In this episode of the Managing Uncertainty Podcast, Bryghtpath Principal & Chief Executive Bryan Strawser discusses strategies and tactics for supporting your crisis management team (and others) during a prolonged crisis such as we’ve seen with the COVID-19 pandemic.
Topics discussed include critical incident debriefings and counseling, managing stress, checking in with your team, stress management tactics, vacations and rest, compensation & benefits, and taking care of each other across the emergency management/crisis management community.
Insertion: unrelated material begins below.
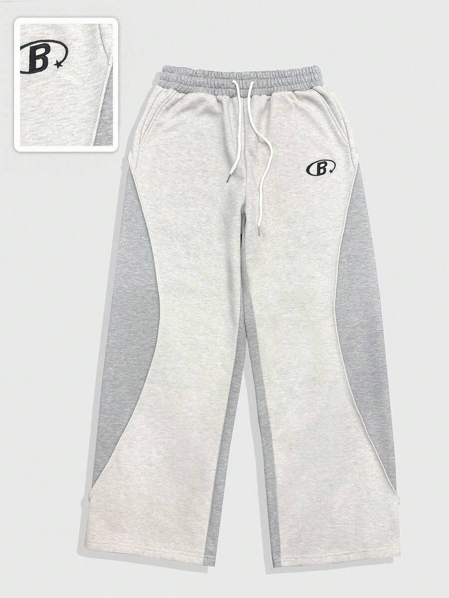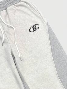 Street Life Pantaloni larghi da uomo con stampa di lettere, vita con coulisse e tasche, colore a contrasto, stile casual, adatti per l'autunno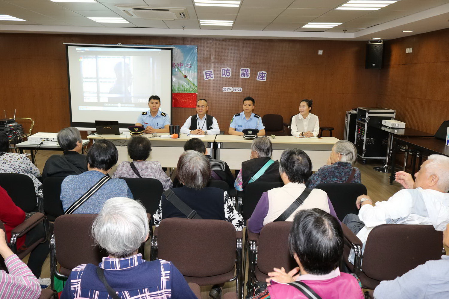 是次宣傳活動於2017年4月24日(一)上下午,先後在澳門及路氹一帶社區進行。宣傳隊由何樹漢副警務總長帶領,首先抵達坊會與居民會面,由部門代表講解颱風期間的安全要領,播放民防宣傳短片,提醒多加留意人身、家居、店鋪等方面的安全,以提高預防及抗擊颱風災害的能力。居民主動與代表交換意見,互動氣氛良好。隨後,一行人與義工聯合到區內派發宣傳單張,向居民傳遞民防資訊。

Related Episodes & Blog Posts
Episode #37: Taking care of the team during a crisis
Blog Post: How 3 companies have managed the COVID-19 pandemic
Blog Post: 10 Ways an effective crisis manager survives a crisis
Blog Post: 3 essentials for thriving in a crisis
Episode Transcript
Hello, and welcome to the Managing Uncertainty Podcast. This is Bryan Strawser, principal and chief executive here at Bryghtpath.
In this week’s episode, I want to talk about how to support your crisis team during a prolonged crisis. If you think about it right now, we’re fiveish months into the COVID-19 pandemic here in the United States.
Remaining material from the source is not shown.